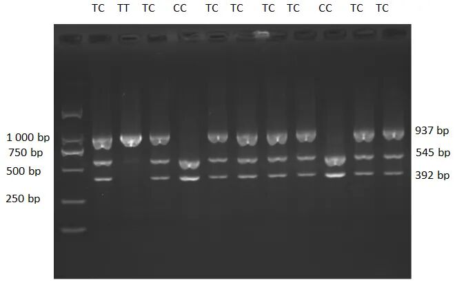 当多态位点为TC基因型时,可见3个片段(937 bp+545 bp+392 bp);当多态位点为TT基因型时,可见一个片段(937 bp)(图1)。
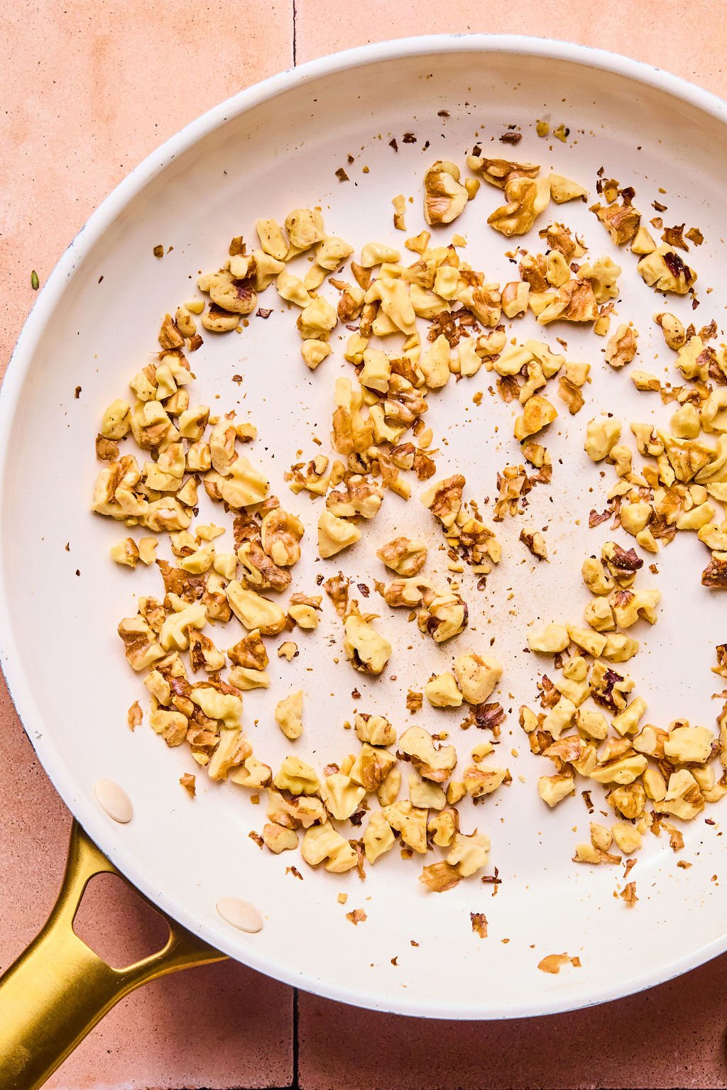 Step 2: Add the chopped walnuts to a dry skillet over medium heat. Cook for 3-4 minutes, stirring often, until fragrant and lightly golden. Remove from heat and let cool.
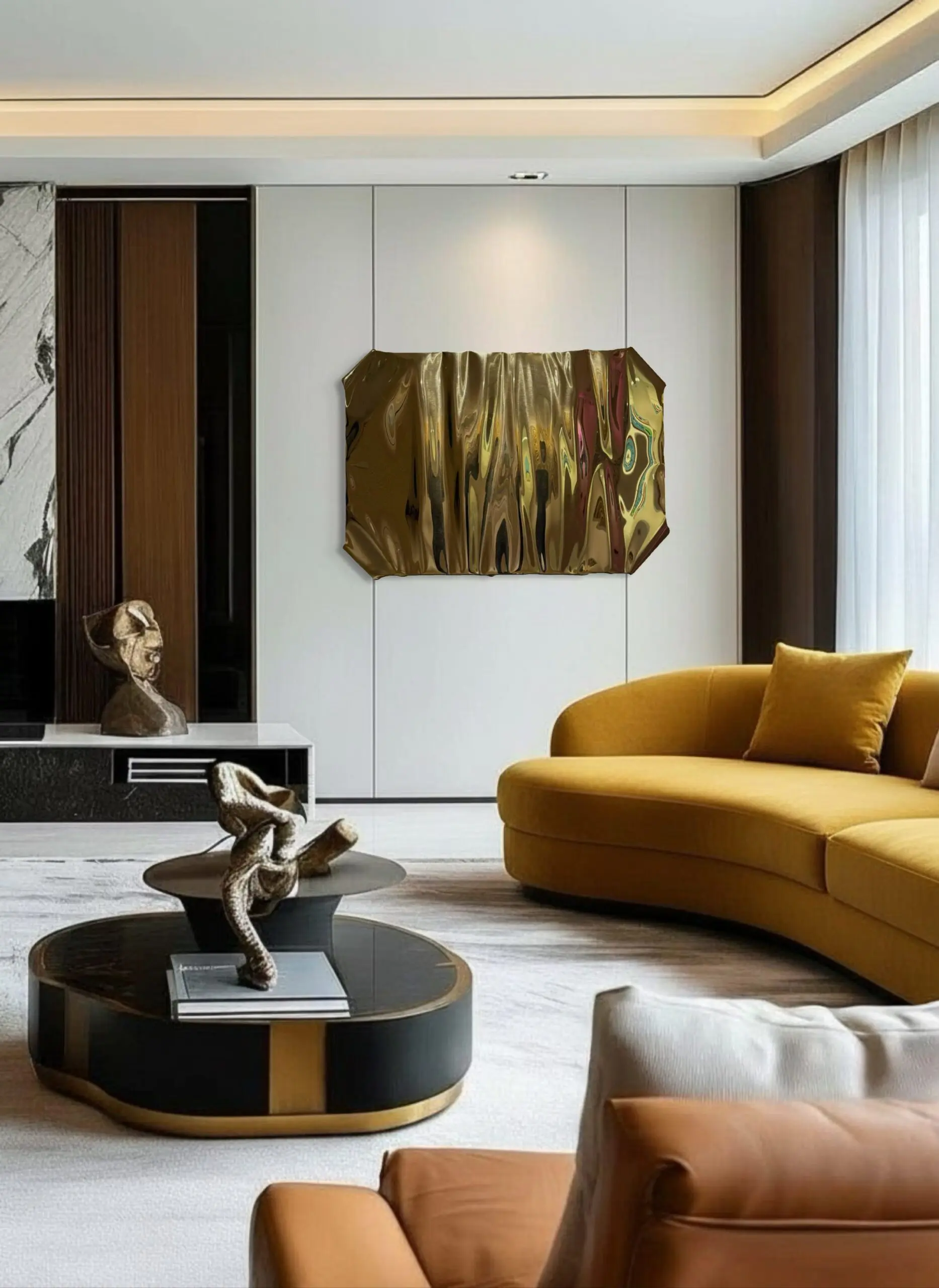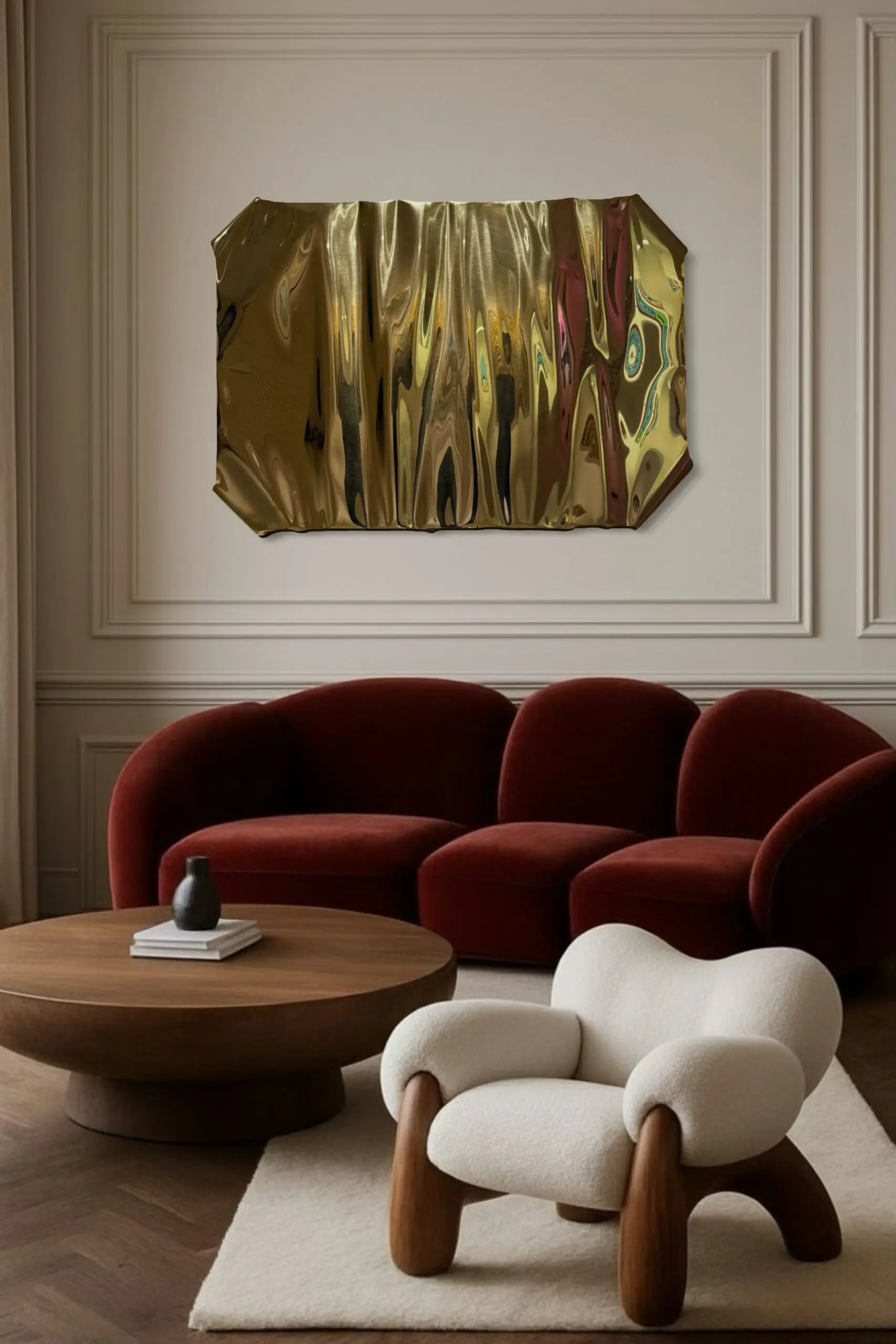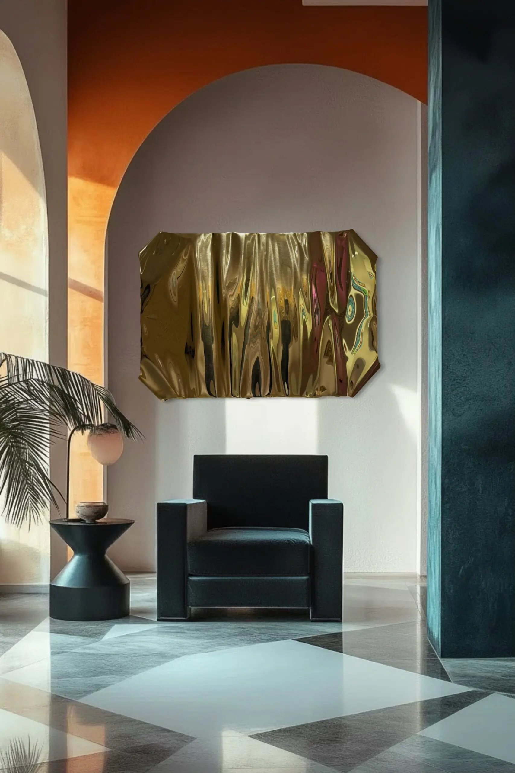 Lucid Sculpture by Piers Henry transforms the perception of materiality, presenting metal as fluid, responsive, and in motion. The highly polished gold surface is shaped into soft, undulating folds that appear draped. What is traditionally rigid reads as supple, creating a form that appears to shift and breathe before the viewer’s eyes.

☆ ☆ ☆ ☆

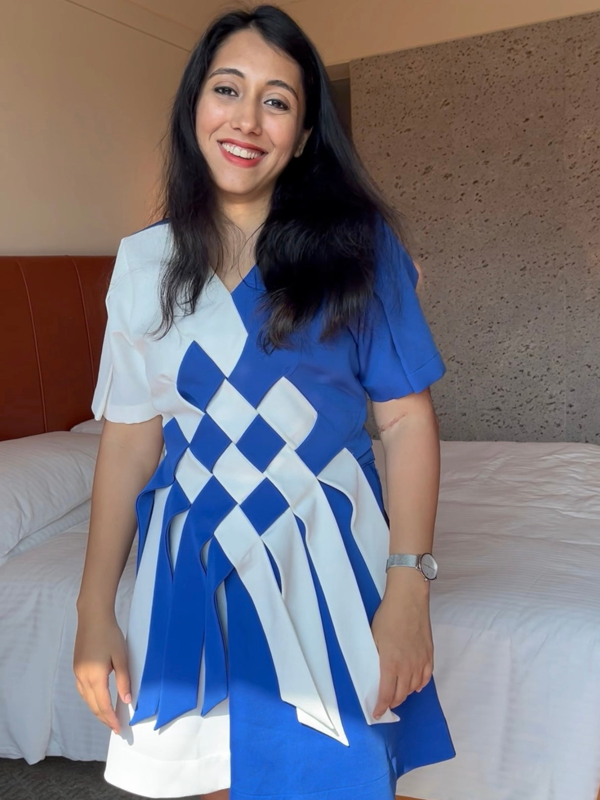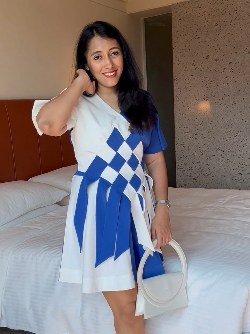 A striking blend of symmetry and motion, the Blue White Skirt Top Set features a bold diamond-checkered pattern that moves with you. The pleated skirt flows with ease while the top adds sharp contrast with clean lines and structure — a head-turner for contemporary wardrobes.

☆ ☆ ☆ ☆

• _Directions for this task_:
Skip every picture, and restate word for word only the lines above from the line containing "Step 2: Add" to the line containing "Lucid Sculpture by", both of them included.

• _Exercise solution_:
 Step 2: Add the chopped walnuts to a dry skillet over medium heat. Cook for 3-4 minutes, stirring often, until fragrant and lightly golden. Remove from heat and let cool.
 Lucid Sculpture by Piers Henry transforms the perception of materiality, presenting metal as fluid, responsive, and in motion. The highly polished gold surface is shaped into soft, undulating folds that appear draped. What is traditionally rigid reads as supple, creating a form that appears to shift and breathe before the viewer’s eyes.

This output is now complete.